** RECORDS SHOWN follows **
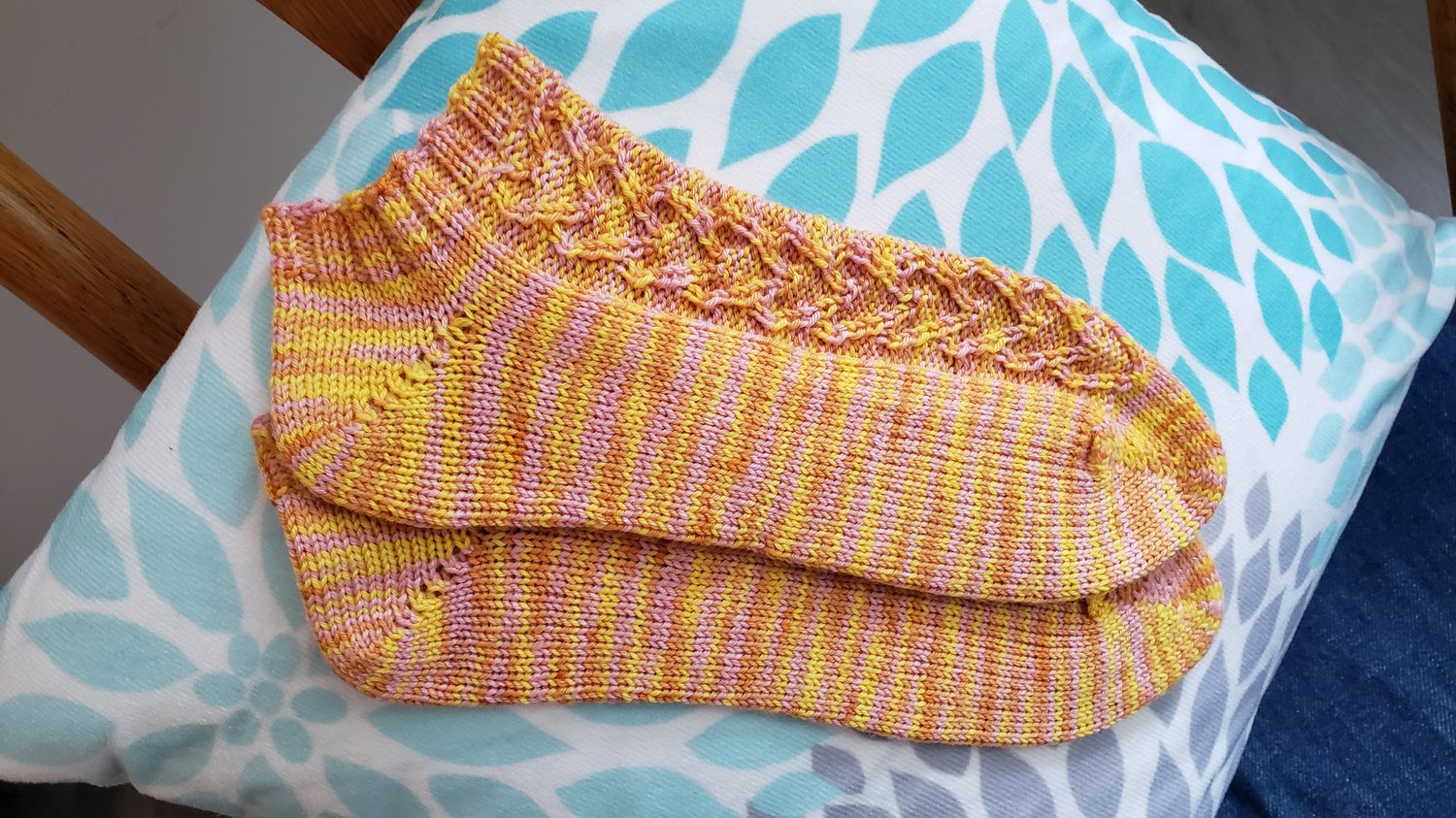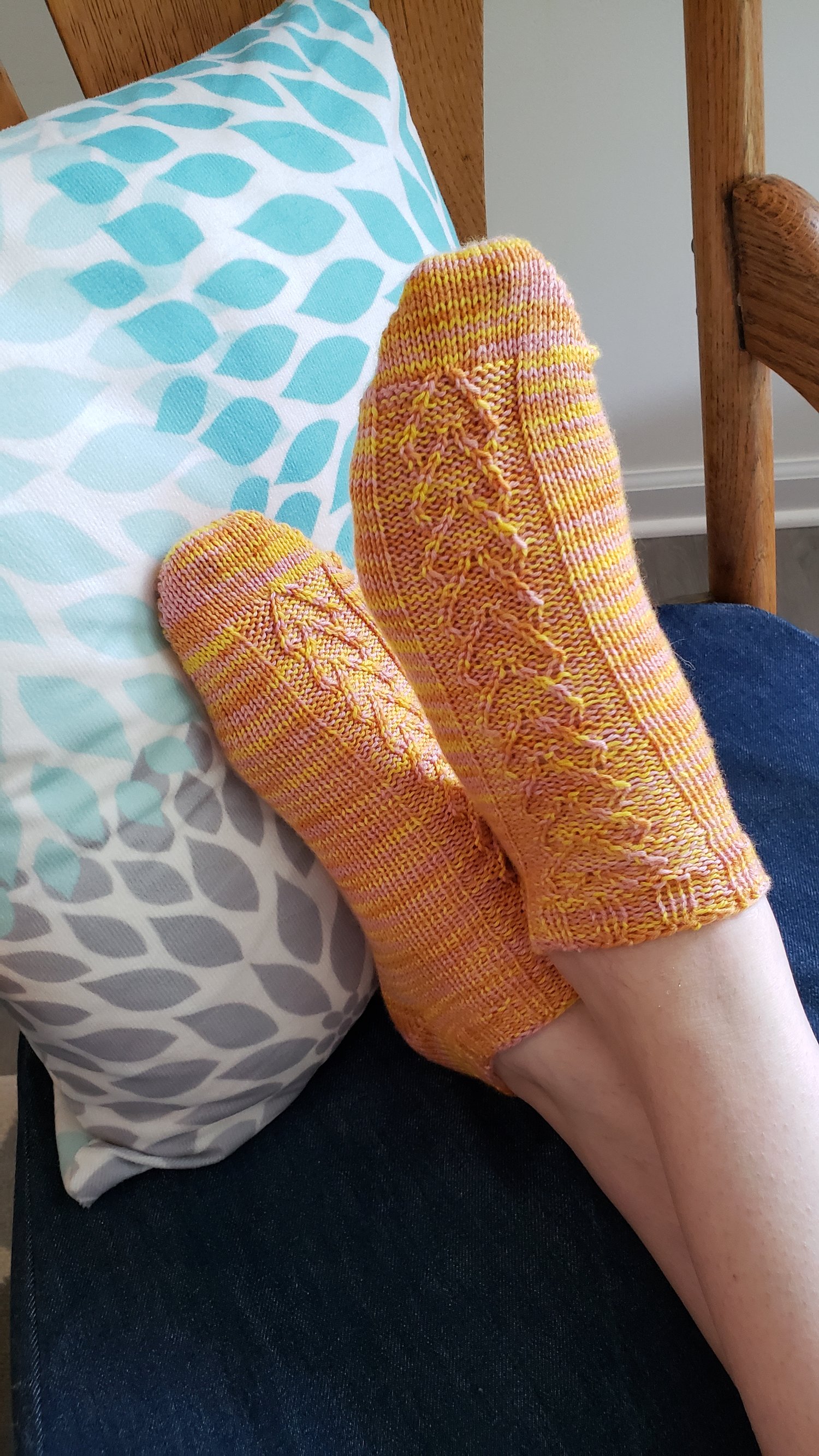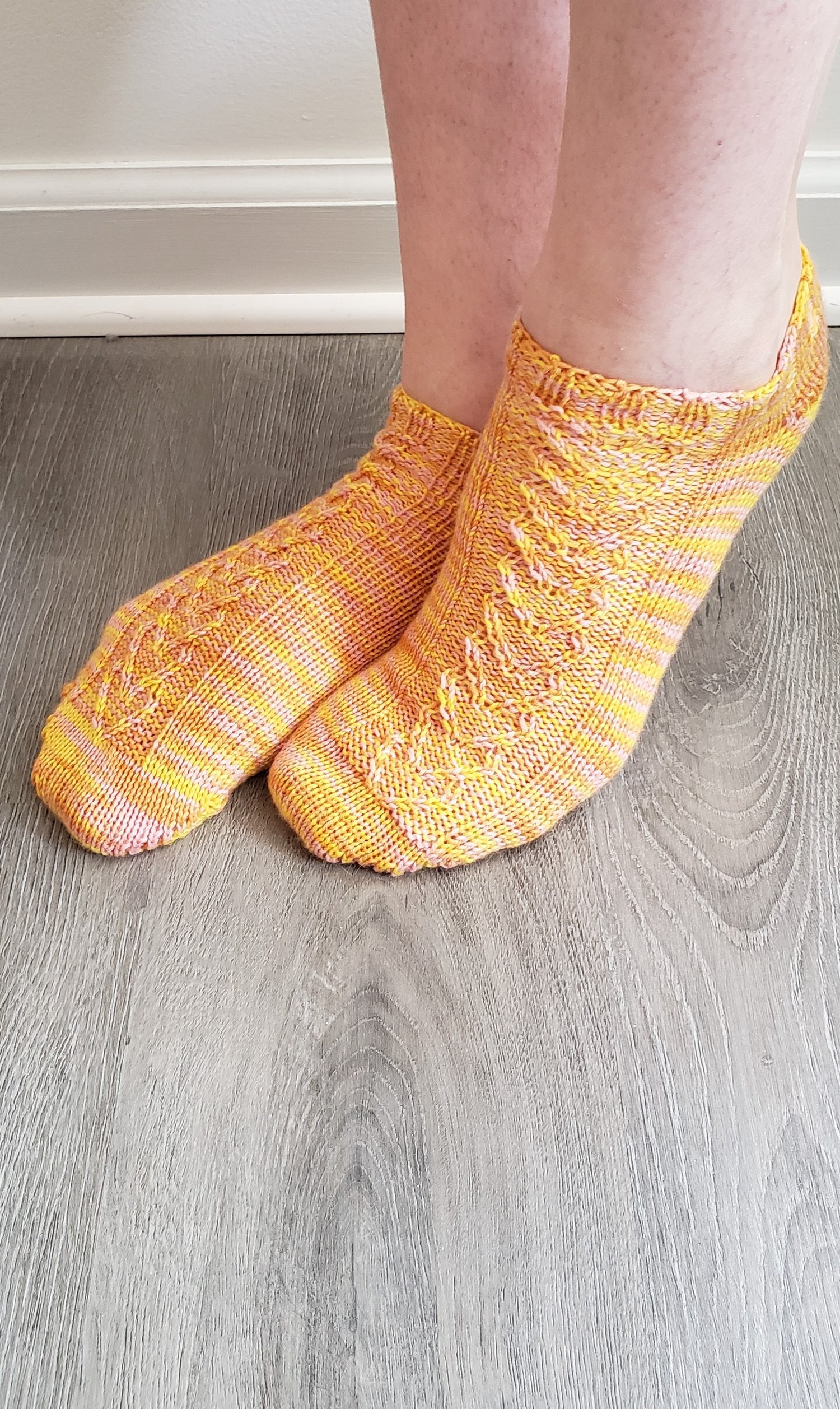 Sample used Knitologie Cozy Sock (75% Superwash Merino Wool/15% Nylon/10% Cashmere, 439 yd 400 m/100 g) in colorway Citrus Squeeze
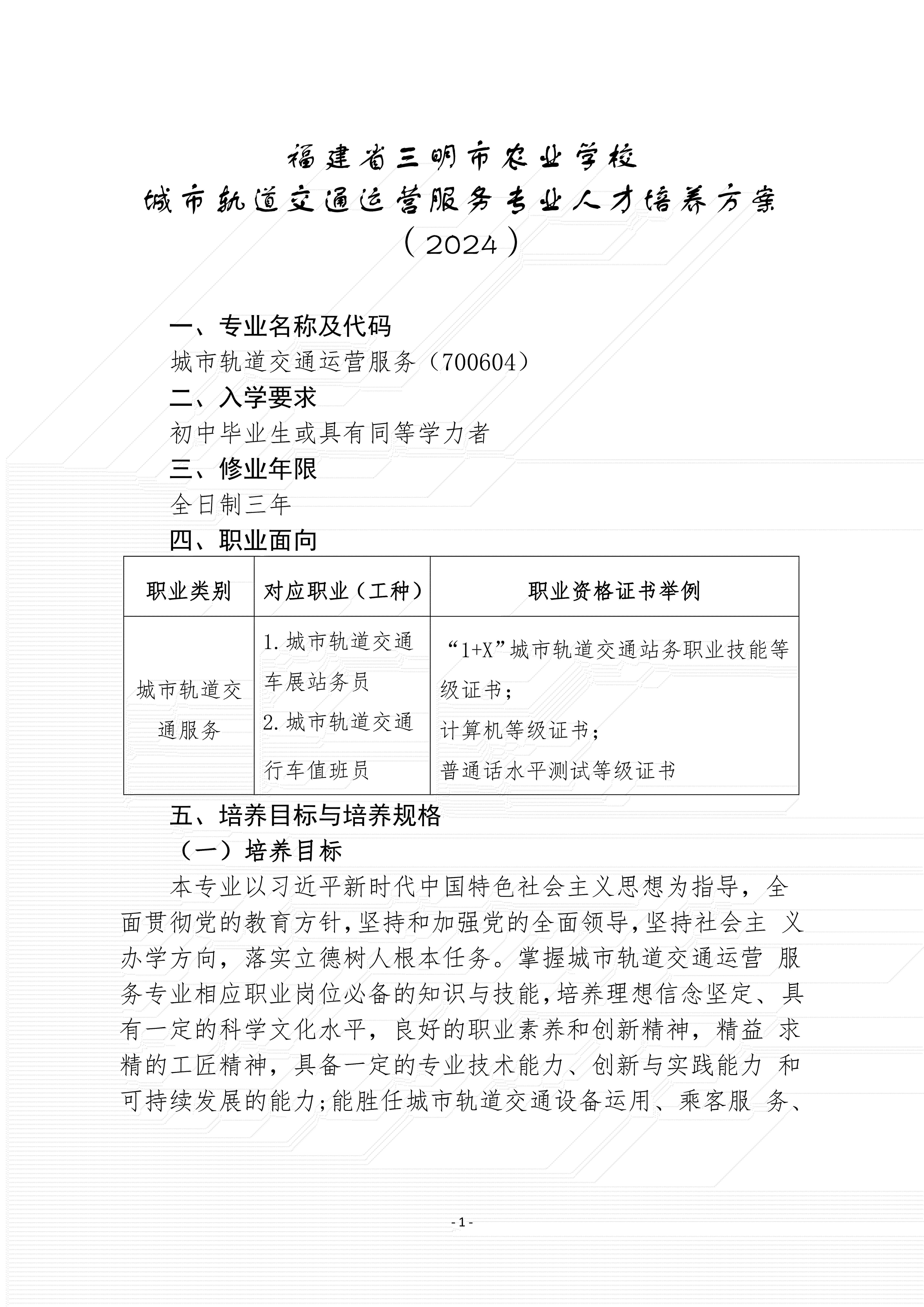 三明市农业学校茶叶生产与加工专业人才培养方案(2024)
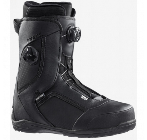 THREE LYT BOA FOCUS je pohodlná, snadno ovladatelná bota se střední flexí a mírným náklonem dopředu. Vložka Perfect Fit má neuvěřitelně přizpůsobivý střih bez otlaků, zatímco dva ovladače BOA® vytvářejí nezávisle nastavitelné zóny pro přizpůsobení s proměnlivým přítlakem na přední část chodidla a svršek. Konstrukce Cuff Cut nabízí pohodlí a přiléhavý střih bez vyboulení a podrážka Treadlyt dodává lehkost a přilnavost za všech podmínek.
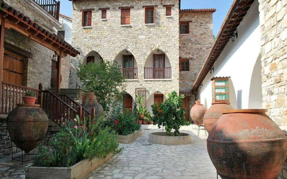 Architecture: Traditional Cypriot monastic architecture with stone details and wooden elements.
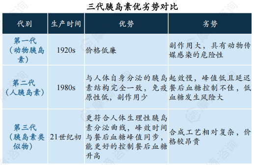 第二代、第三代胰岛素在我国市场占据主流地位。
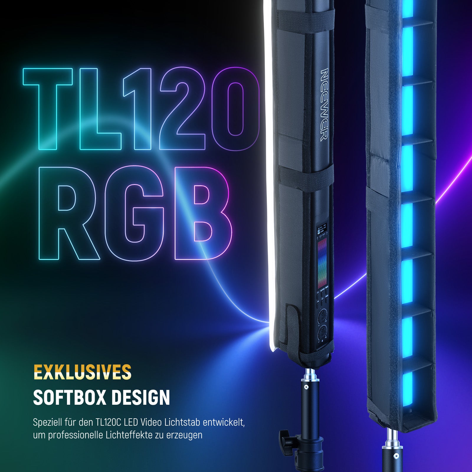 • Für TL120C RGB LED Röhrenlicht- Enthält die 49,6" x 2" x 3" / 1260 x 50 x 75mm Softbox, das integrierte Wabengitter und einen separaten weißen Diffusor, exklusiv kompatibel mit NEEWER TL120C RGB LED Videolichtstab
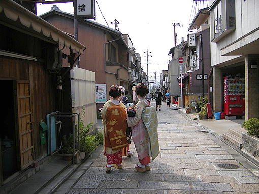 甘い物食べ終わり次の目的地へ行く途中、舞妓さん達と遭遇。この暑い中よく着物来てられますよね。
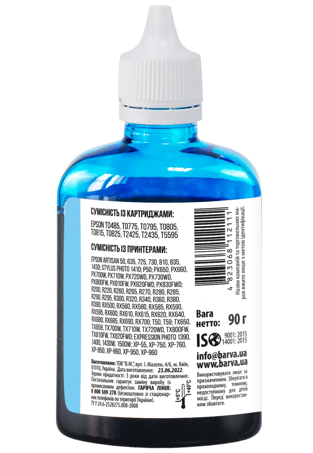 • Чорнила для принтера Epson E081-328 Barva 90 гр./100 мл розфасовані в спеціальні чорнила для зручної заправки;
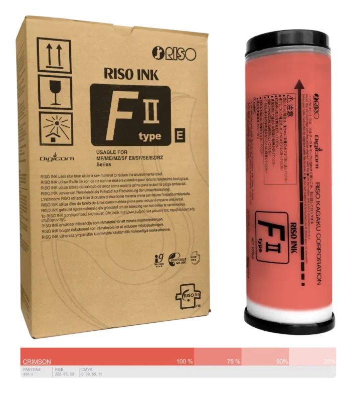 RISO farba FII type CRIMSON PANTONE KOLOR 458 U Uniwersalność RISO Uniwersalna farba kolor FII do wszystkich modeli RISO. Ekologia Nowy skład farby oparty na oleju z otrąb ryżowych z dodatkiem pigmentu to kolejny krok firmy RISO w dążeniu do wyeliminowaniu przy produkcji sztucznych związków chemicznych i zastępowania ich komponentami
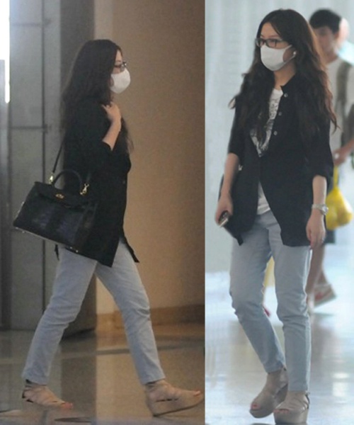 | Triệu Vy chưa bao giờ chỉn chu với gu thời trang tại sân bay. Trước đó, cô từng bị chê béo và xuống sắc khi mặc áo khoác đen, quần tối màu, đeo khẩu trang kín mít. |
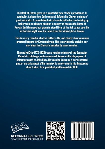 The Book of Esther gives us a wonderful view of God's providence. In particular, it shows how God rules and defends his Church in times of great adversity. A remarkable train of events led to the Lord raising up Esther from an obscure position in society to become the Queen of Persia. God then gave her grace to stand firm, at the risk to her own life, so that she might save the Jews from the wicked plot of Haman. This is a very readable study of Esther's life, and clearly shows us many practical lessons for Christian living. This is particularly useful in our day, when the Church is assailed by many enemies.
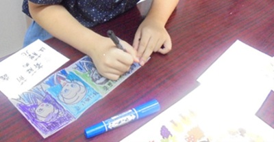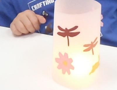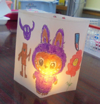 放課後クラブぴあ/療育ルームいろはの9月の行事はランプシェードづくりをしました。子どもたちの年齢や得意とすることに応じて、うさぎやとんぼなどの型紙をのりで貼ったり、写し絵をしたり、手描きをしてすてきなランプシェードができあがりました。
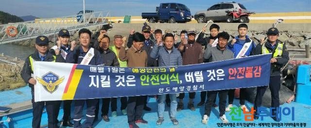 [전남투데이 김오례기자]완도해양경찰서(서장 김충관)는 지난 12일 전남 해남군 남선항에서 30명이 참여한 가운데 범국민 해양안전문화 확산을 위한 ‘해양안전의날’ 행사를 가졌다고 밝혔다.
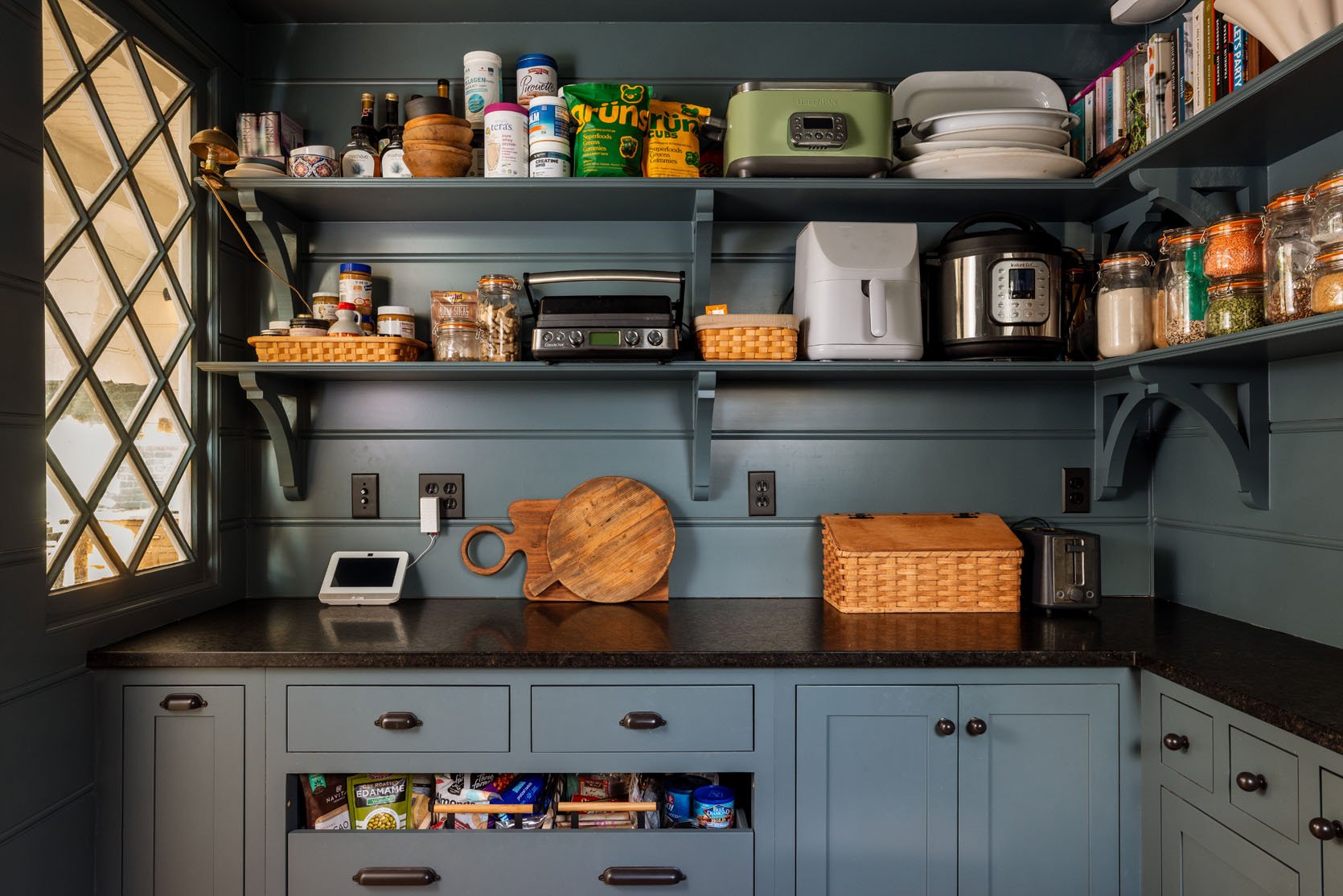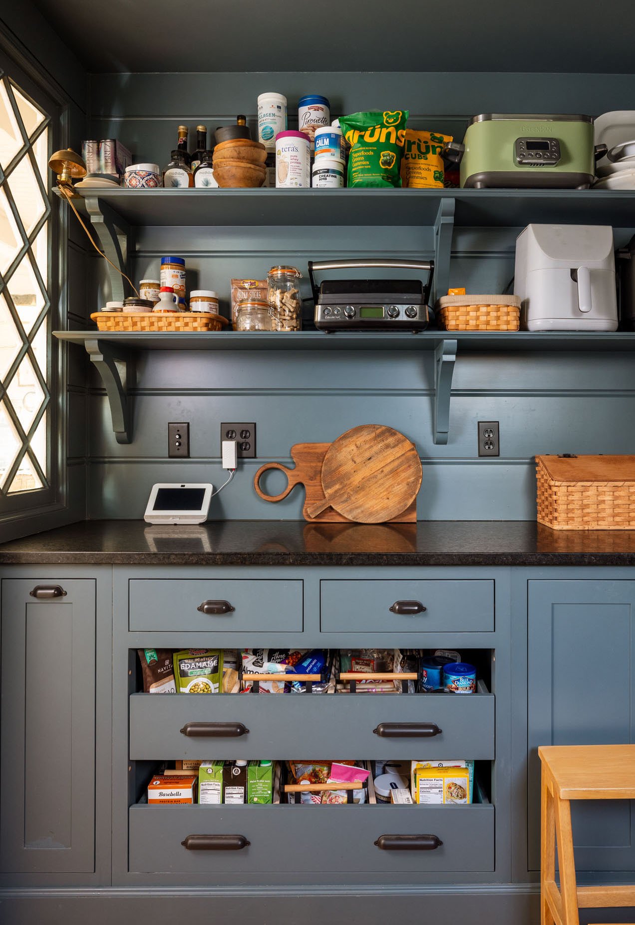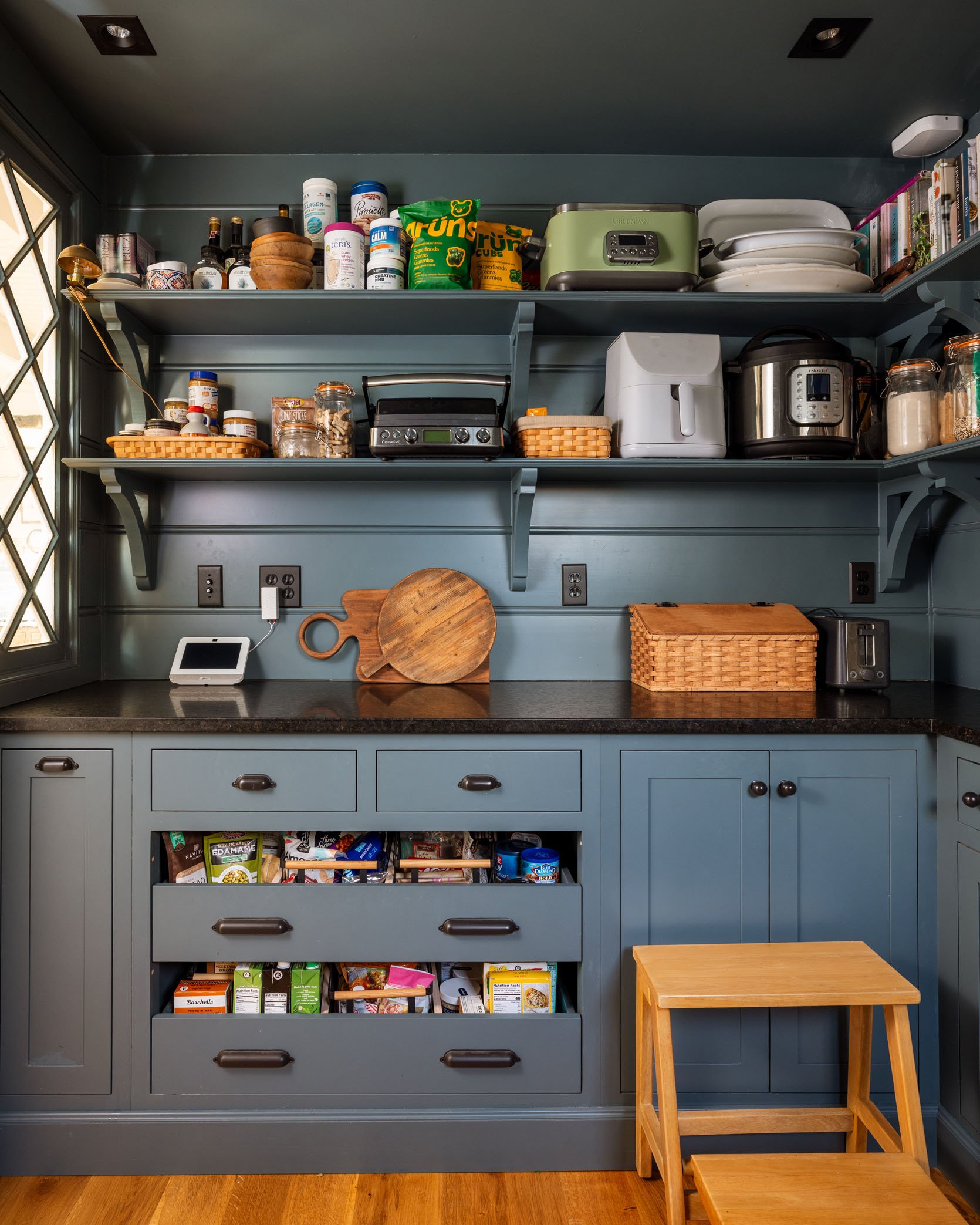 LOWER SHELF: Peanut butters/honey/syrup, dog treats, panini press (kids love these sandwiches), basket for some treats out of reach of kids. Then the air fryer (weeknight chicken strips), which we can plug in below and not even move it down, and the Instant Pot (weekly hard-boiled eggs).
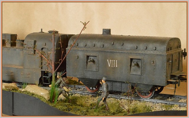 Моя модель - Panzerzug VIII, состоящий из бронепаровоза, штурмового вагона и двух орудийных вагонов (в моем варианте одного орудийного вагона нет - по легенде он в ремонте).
** End of RECORDS SHOWN **
**TASK BRIEF**
Exactly reproduce the lines that run from the first line of the listing above to the line containing "三明市农业学校茶叶生产与加工专业人才培养方案(2024)", including both; omit the pictures.

**YOUR RESPONSE**
 Sample used Knitologie Cozy Sock (75% Superwash Merino Wool/15% Nylon/10% Cashmere, 439 yd 400 m/100 g) in colorway Citrus Squeeze
 三明市农业学校茶叶生产与加工专业人才培养方案(2024)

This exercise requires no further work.